It’s an SGEM hot off the press! That means that you can comment on this article, and potentially see your comments published next to the original article in the official version of Academic Emergency Medicine. I am also excited to be joining Ken Milne with Corey Heitz as the official co-hosts of the SGEM HOP AEM sessions.
This week, we discuss a new trial on high sensitivity troponin with the lead author and all round excellent chap Dr. Rick Body. Have a listen to the episode and post any questions or comments you have for Dr. Body on the website. It’s a great way to get involved in post-publication peer review. What to you think?
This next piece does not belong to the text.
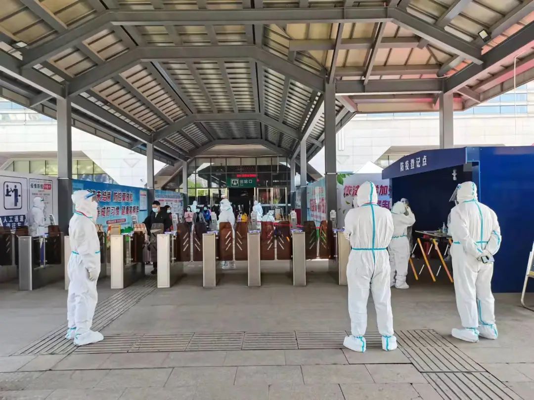 在宁德动车站,党员应急突击队员全力维护出站口通道秩序,合理引导大家排队做好核酸预约登记和采样工作。

Is a single negative high sensitivity troponin as a rule-out strategy ready for prime time?
Body R, Mueller C, Giannitsis E. The Use of Very Low Concentrations of High-sensitivity Troponin T to Rule Out Acute Myocardial Infarction Using a Single Blood Test. Academic emergency medicine. 2016. PMID: 27178492 [Available free, full text here]
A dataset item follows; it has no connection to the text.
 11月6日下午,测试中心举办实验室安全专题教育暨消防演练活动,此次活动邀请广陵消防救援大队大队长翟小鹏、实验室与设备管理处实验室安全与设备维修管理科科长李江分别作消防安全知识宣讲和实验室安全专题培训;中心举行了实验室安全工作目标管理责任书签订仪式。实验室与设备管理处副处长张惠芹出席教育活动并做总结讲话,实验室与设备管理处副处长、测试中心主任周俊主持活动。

This is a secondary analysis of a large, prospective observational cohort (as part of the TRAPID-AMI trial.) They looked at 1282 adult patients presenting to the emergency department with new onset chest pain or symptoms suggestive of acute coronary syndrome that had peaked in the last 6 hours. The were looking at a high sensitivity troponin T on arrival and the primary outcome was acute MI at admission. The major secondary outcome was MACE (major adverse cardiac events). For the primary outcome of acute MI, using the primary strategy of an initial hs-cTnT below the limit of detection (<5ng/L) and no ECG ischemia, the test characteristics are:
- Sensitivity 99.1% (95%CI 96.7-99.5%)
- Specificity 43.9% (95%CI 40.9-46.9%)
- PPV 26.0% (95% CI 23.0–29.2%)
- NPV 99.6% (95%CI 98.5–100.0%)
- LR+ 1.76 (95%CI1.67 – 1.86)
- LR – 0.02 (95% CI 0.01 – 0.09)
In terms of the secondary outcome of MACE, the total 30 day event rate was 1.3%. The actual numbers were 6 MACE events, including only one death, no AMI and 3 revascularizations. I have always had a problem with considering revascularization as a adverse event, as it is so subjective. We know that revascularization is only helpful in the setting of an MI, so if someone goes for revascularization and didn’t have an MI is that really an important outcome, or is it just over-treatment?